İşte tam da bu noktada, Sabancı Üniversitesi Öğretim Üyesi Ayşe Gül Altınay’ın bu yıl Holokost Anma Günü’nde düzenlenen “Holokost ve Hafıza” adlı panelde sorduğu sorular anlam kazanıyor: “Holokost’ta kadınlar sadece mağduriyet üzerinden pasif mağdurlar, kurbanlar olarak mı temsil ediliyorlar, yoksa dayanışma ve direnişleri tersten bir aktör olarak mı ele alınıyor? Ölüm ve hayat üzerinde nasıl bir ilişki kuruluyor? Sadece ölüm üzerinden mi kurgulanıyor bu deneyim, yoksa hayat, yaratıcılık hem geçmişte hem de bugün içerisinde devam eden hayatta kalma beceleri, çabaları ve yaratıcılık deneyimleri ile mi ele alınıyor? Holokost bize yalnızca Holokost olarak mı anlatılıyor yoksa öncesinde, mesela o ülkenin veya o toprakların, ya da o mekanın tarihinde Yahudilerin neler yaptığını veya diğer kurbanların o mekanlara katkılarına yer veriyor mu? Kadınlar ve toplumsal cinsiyet nasıl ele alınıyor? Kadınlar kurban olarak mı, yoksa o tarihin öznesi olarak mı anılıyorlar? Hayatta kalan, direnen, dayanışan kadınlar olarak mı karşımıza çıkıyorlar? Kadınlar arası şiddet nasıl ele alınıyor?” Bu soruları kendimize sorduğumuzuda çok farklı açılımlara yönelebiliriz. Daha önce üzerinde düşünülmemiş bu alanlarda Holokost’u daha kapsamlı inceleyebilir ve yüzleşebiliriz. Nazi Kadınları Holokost sürecinde neredeydi? Bu kadınlar soykırım sürecinde ne yaptılar? Niye seslerini çıkaramadılar? Ya da çıkarmak istediler mi? Bu ve benzeri sorular oldukça değerli araştırma ve düşünme alanları yaratabilirler. Genellikle mağdur-fail ilişkisinde mağdur ele alınır, ama fail salt bir biçimde şiddetin penceresinden aktarılır. Burada fail neden böyle bir davranış biçimi sergiledi, kaynağı neydi sorusu, yani sorunun özüne inilmez ve olduğu gibi bırakılır. Maalesef ki, sorunun özüne inilemediği veya inilmek istenmediği için, yaklaşımlar zayıf kalmakta, geleceğe yüklü bir bagaj olarak aktarılmaktadır. Dönem içinde kurgulanan annelik ya da yaratılan “milli kadın” kurgusu da bir o kadar irdelenmesi gereken konular olarak karşımızda durmaktadır.

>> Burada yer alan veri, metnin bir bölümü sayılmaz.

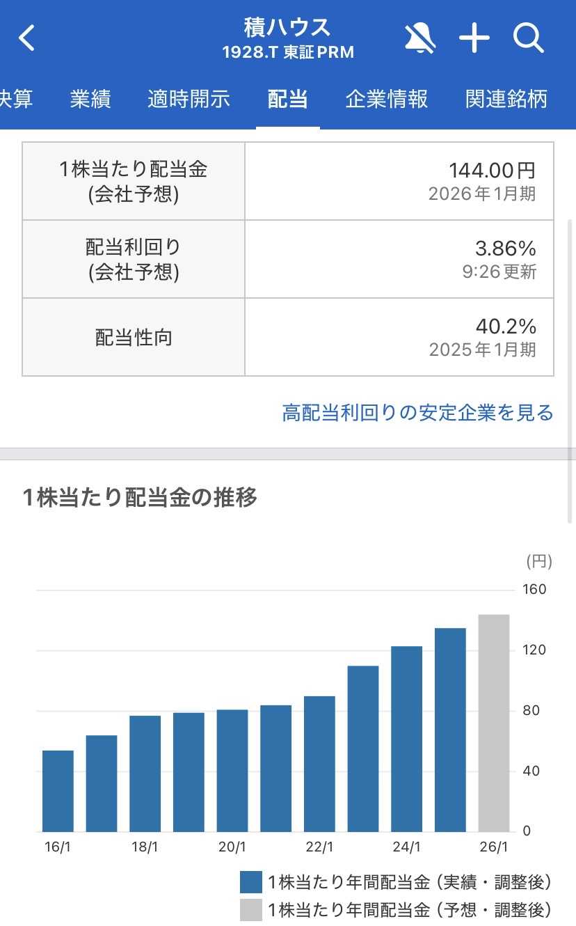 投資を始めたばかりの皆さん、自分の持っている企業が「どこで、どうやって稼いでいるか」をイメージしたことはありますか?今回は、僕たちの持ち株の中でも安定感抜群の積水ハウス株式会社の最新決算を紐解いていきます。景気の波に左右されやすいイメージがある住宅業界ですが、この企業は今、これまでの常識を塗り替えるような成長を遂げています。その中身を、僕たちのお金(資産)への影響を中心に解説します。今回の決算のポイント:国内の安定と「海外の飛躍」で増収基調を維持最新の決算動向を振り返ると、非常に頼もしい方向性が示されています。方向性としては、前年同期比で**「増収」**を達成。特に注目すべきは、アメリカを中心とした「海外ビジネス」の急成長です。大型の買収(MDC社の連結化など)が功を奏し、収益の柱が日本国内だけでなく世界へと広がっています。一方で、原材料費の上昇や円安の影響など、コスト面の負担もゼロではありません。しかし、高付加価値な住宅の提供や、賃貸住宅管理といった「ストック型ビジネス」が支えとなり、全体として**「前年同期比で改善」**を見せるなど、底堅い業績を維持しています。阿部俊則会長や仲井嘉浩社長が進める「グローバルな環境創造」という戦略が、着実に形になっていると考えられます。配当金と株主還元の動き:圧巻の14期連続増配!1株144円の重み僕たち投資家にとって、最も誇らしいのがその「還元姿勢」です。最新の予想によると、2026年1月期の年間配当は1株あたり144円。これは前の期の135円から9円の増配となる計画です。この予想が達成されれば、なんと**「14期連続の増配」**となります。同社は中期経営計画において「配当性向40%以上」を掲げるとともに、利益が成長する限り配当も増やし続ける姿勢を鮮明にしています。この「144円」という数字は、僕たちが100株持っていれば、年間で1万4400円(税引前)が届くということ。新NISAで保有していれば、その果実をまるまる享受できる可能性があります。投資初心者が注目すべきポイント:単なる「住宅メーカー」ではない強み市場が揺れ動く時、初心者が意識すべき視点は2つあります。1. 収益源の「分散」が効いている積水ハウスは「建てる」だけではありません。賃貸住宅の管理(不動産フィー事業)や、リフォーム事業といった、景気に左右されにくい「ストック型」の収益が利益の大きな割合を占めています。これが、暴落時でも配当を出し続けられる「強さの秘密」と考えられます。2. 自分の資産への影響の考え方株価が短期的に数%下がったとしても、企業の「稼ぐ仕組み」が壊れていない限り、それは一時的な波に過ぎません。「家という生活の基盤」を扱っている企業は、社会から必要とされ続けるため、長期投資の「大黒柱」として機能してくれる可能性があります。まとめ:今回の決算をどう受け止めるか積水ハウス株式会社。今回の決算を通じて、彼らが日本国内に留まらず、世界中の「住まい」を支えるグローバル企業へと進化していることが再確認できました。• 業績は海外戦略が当たり、増収基調で力強い。• 1株144円の配当予想は、14期連続増配という信頼の証。• 「建てる」から「支える」へ。多角化された収益源が長期投資の安心感を生む。断定的なことは言えませんが、どんなに時代が変わっても、人が「住む場所」を求める気持ちは変わりません。こうした確かな需要に応え続ける企業を信じて、一喜一憂せずにじっくりと持ち続けていきましょう。未来の自分のために。今日も一歩、冷静に積み上げていきましょう!▶ 大ちゃん✨保有銘柄一覧はこちら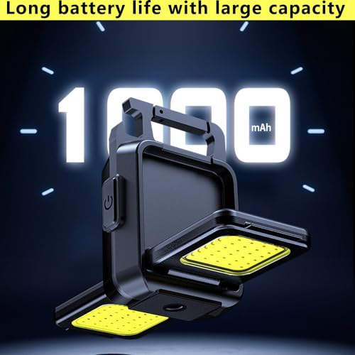 LETOUR - مصباح عمل بسلسلة مفاتيح سي او بي من لو تور، مصباح يدوي صغير مطوي 90 درجة مع 6 أوضاع 1000 لومن مقاوم للماء بدرجة IPX4 مع قاعدة مغناطيسية للمشي والتخييم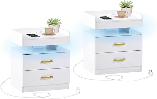 FurnitureR Lot de 2 Tables de Chevet LED - 45 x 35 x 52 cm - Blanc Brillant - 2 tiroirs - 16 Couleurs d'éclairage LED - 2 Prises de Charge et 2 Prises USB - pour Chambre à Coucher, Salon, Bureau
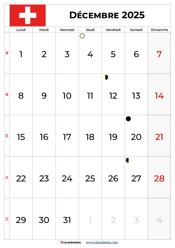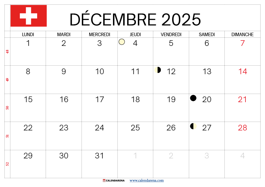 Un Calendrier Décembre 2025 À Imprimer Suisse bien conçu constitue un outil indispensable pour naviguer efficacement à travers les complexités culturelles et administratives de la fin d’année suisse. En intégrant les jours fériés spécifiques, les phases lunaires et les particularités régionales, vous disposez d’un guide complet pour une organisation optimale.

Tüm bunların yanı sıra Holokost bağlamında bugüne dek göz ardı edilen ve görünmez kalan sadece kadınlar değildir. Eşcinseller, engelliler, akıl hastaları ve Roma-Sinti mağdurları da göz ardı edilmiştir. Oysa Holokost esnasında Avrupa Roman nüfusunun yaklaşık %25’ine denk gelen Roma-Sinti öldürülür. Artık bu konuda da çalışmalar yapılmaya başlanmış olup, anıt ve müzelerde sadece Yahudiler değil, ötekileştirilmiş bu diğer kimliklere de yer verilmektedir. Günümüzde artık daha bütüncül bir yaklaşımla ele alınmakta olan Holokost, toplumun kendi içinde birçok katmanı olduğunu göz önünde bulundurarak, dezavantajlı grupların da buna maruz kalabileceğini unutmadan ortaya koyulmaktadır. Kuşkusuz bu büyük insanlık suçunu ifşa etmek ve her yönüyle ele almak için daha gidilecek bir hayli yol vardır. Ancak yapılacak çalışmalarda, mağdurların travmalarını araçsallaştırmadan soykırımın ifşa edilmesine dikkat edilmesi ve daha da önemlisi topluma her fırsatta “bu kötülük bir daha olmayacak” güveninin verilmesi ve aşılanması gerektiği kanısındayım.